_Problem statement_.
Output the listing word for word, minus pictures.

_Material provided_.

* * * * *

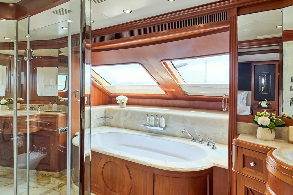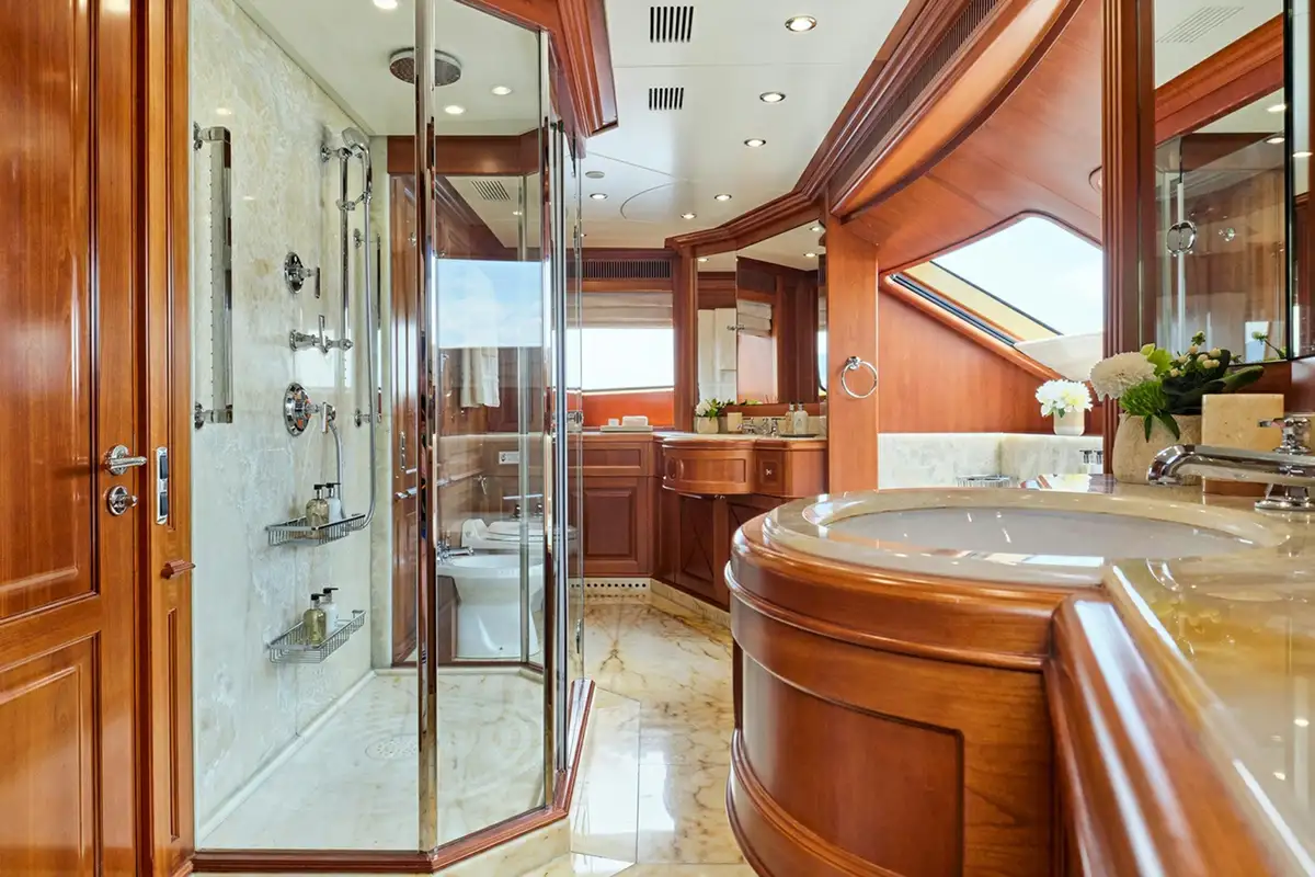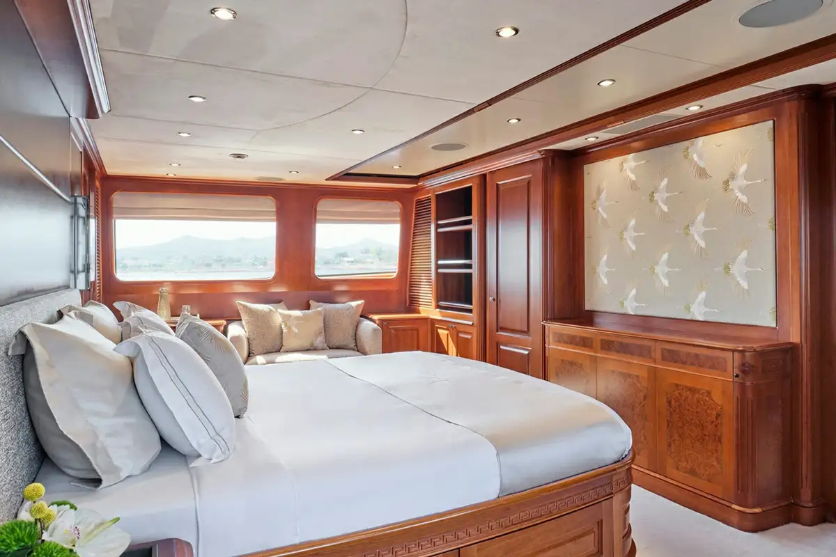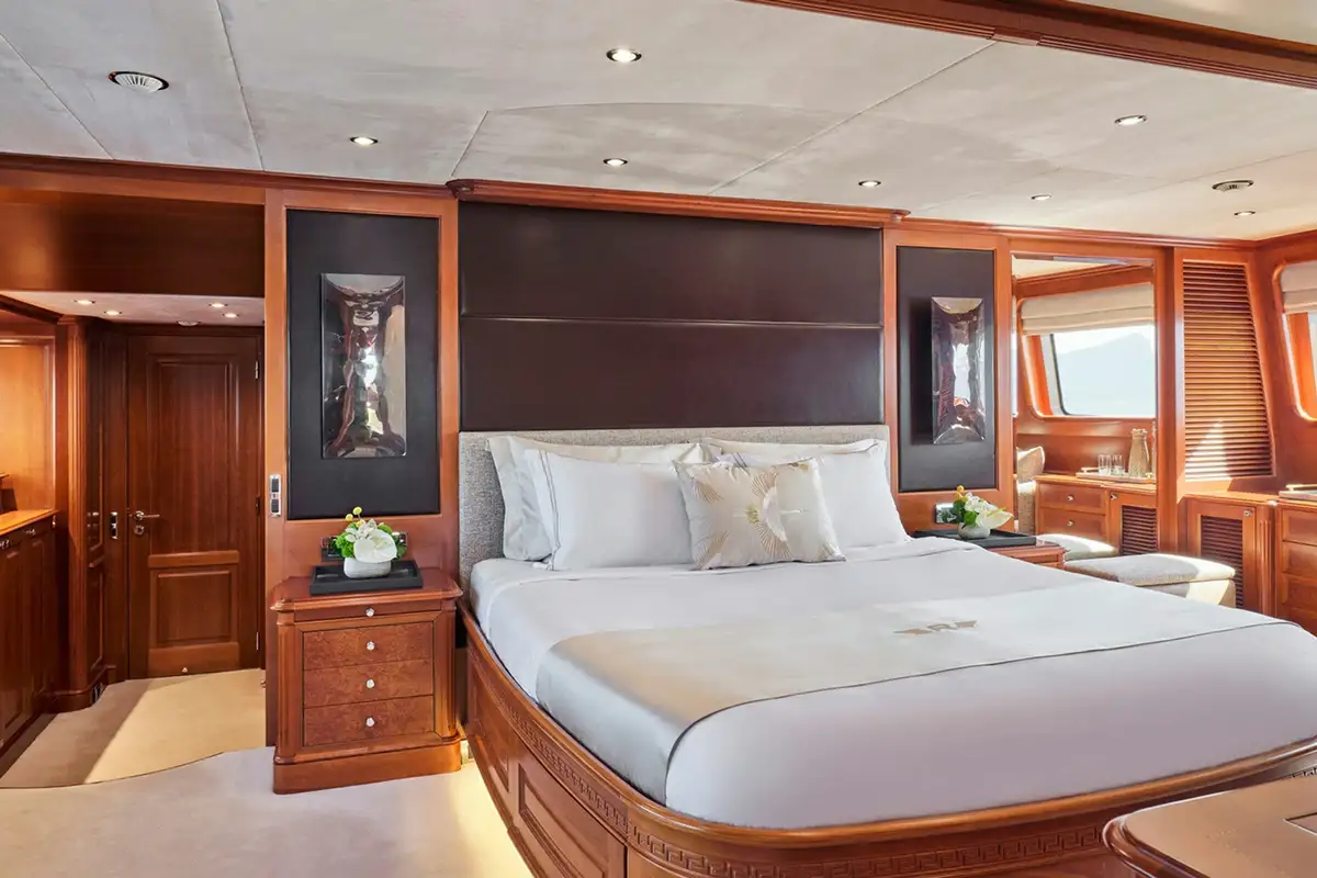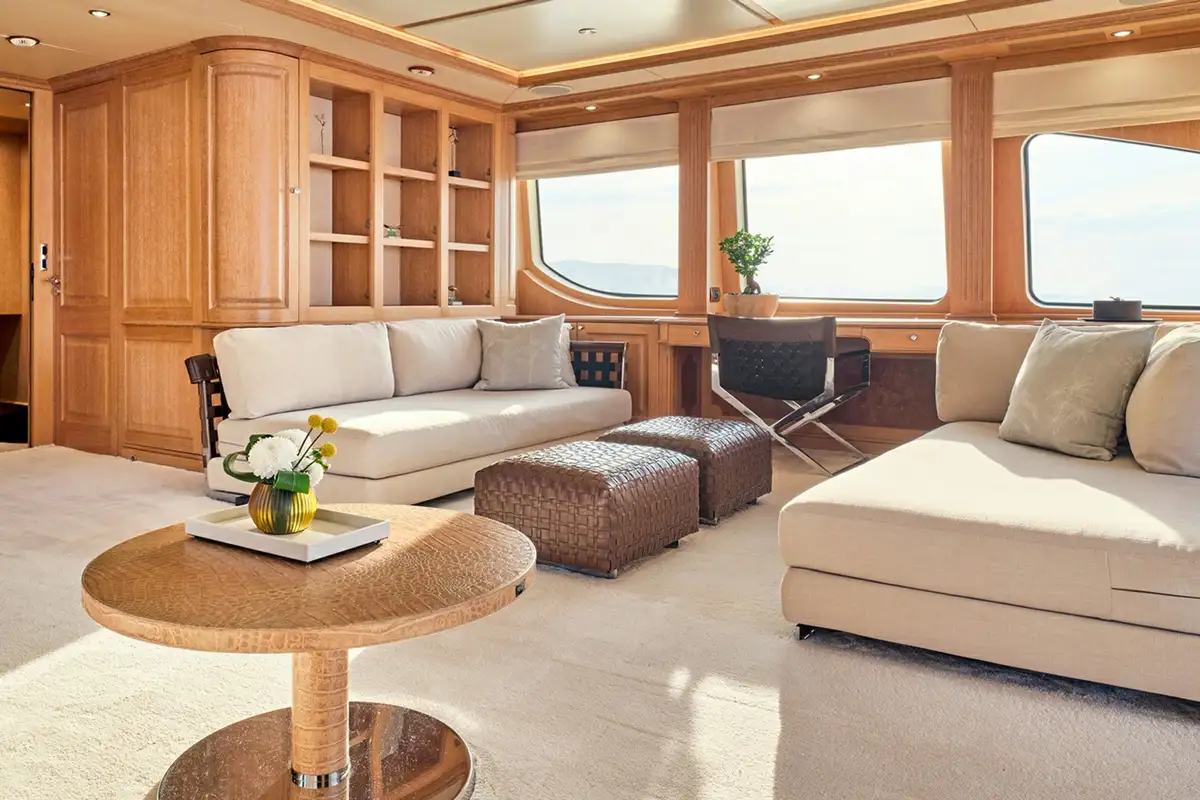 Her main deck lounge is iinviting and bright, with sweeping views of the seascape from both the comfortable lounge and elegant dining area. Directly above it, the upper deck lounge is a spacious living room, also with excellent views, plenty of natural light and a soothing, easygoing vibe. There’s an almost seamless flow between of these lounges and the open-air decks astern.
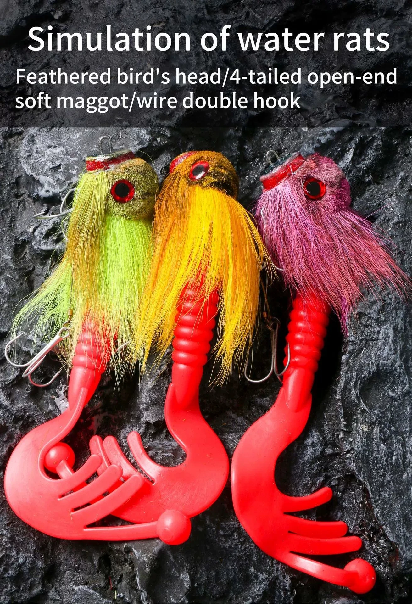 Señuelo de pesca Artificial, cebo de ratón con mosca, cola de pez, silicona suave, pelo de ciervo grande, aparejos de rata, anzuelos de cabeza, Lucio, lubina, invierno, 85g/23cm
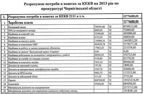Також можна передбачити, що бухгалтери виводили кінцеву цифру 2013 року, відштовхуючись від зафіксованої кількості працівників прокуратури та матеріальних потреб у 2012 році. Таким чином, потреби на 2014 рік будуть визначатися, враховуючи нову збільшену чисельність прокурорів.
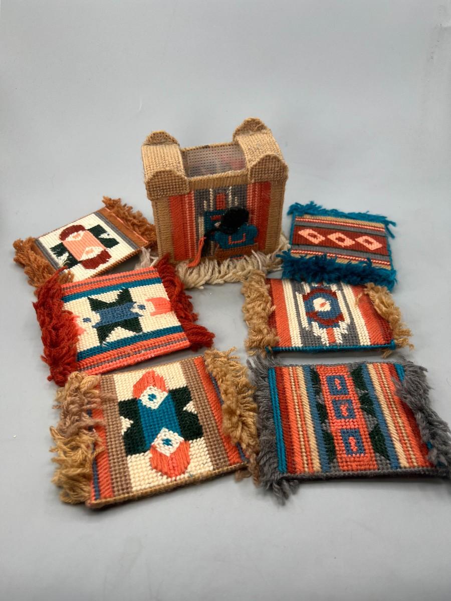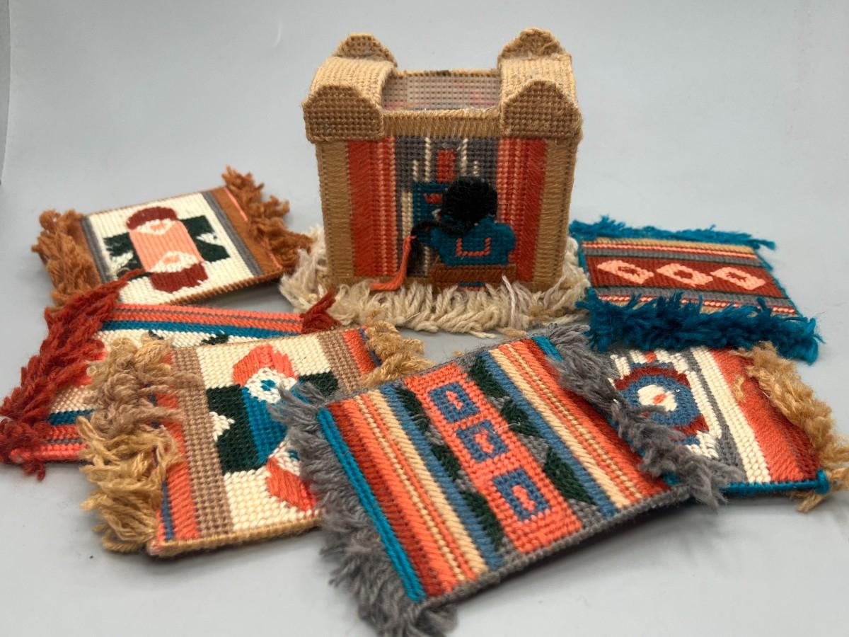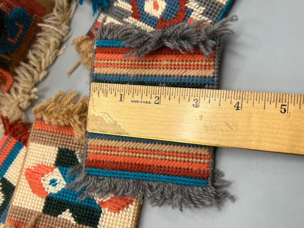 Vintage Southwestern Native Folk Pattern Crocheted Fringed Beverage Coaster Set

* * * * *

_Response to this exercise_.
 Her main deck lounge is iinviting and bright, with sweeping views of the seascape from both the comfortable lounge and elegant dining area. Directly above it, the upper deck lounge is a spacious living room, also with excellent views, plenty of natural light and a soothing, easygoing vibe. There’s an almost seamless flow between of these lounges and the open-air decks astern.
 Señuelo de pesca Artificial, cebo de ratón con mosca, cola de pez, silicona suave, pelo de ciervo grande, aparejos de rata, anzuelos de cabeza, Lucio, lubina, invierno, 85g/23cm
Також можна передбачити, що бухгалтери виводили кінцеву цифру 2013 року, відштовхуючись від зафіксованої кількості працівників прокуратури та матеріальних потреб у 2012 році. Таким чином, потреби на 2014 рік будуть визначатися, враховуючи нову збільшену чисельність прокурорів.
 Vintage Southwestern Native Folk Pattern Crocheted Fringed Beverage Coaster Set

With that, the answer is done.